Happened to a friend and I in IPSC long ago. They had side events for rifle and shotgun. After the two of us shot those matches in comparitively spectacular fashion, the rules suddenly changed for the last few competitors, all of whom were the club "favorites".

Ended up raising enough hell, writing enough letters, telling all the other area shooters we knew, etc., that we got their USPSA charter yanked, though it took a while.

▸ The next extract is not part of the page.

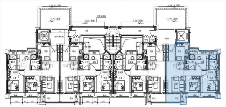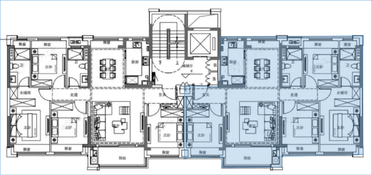 项目主力户型为建面约100㎡3房,2梯4户带连廊。其中3#、1#为大户型,约40套。

Maybe you should show up at Lawrence some time and bring copies of your book to sell, being as pesty as possible about it. Bring Ayoob for moral support and to further egg on these yo yos.

OF
May 10, 2005, 02:14 PM
Ended up raising enough hell, writing enough letters, telling all the other area shooters we knew, etc., that we got their USPSA charter yanked, though it took a while. Good. If they want to play little immature games, fine, but not under the banner of the national organization.

- Gabe

otasan
May 10, 2005, 08:37 PM
Happened to a friend and I in IPSC long ago. They had side events for rifle and shotgun. After the two of us shot those matches in comparitively spectacular fashion, the rules suddenly changed for the last few competitors, all of whom were the club "favorites".

Ended up raising enough hell, writing enough letters, telling all the other area shooters we knew, etc., that we got their USPSA charter yanked, though it took a while.

Maybe you should show up at Lawrence some time and bring copies of your book to sell, being as pesty as possible about it. Bring Ayoob for moral support and to further egg on these yo yos.

So common that it has a name? What do ya know. I hope to never see it again.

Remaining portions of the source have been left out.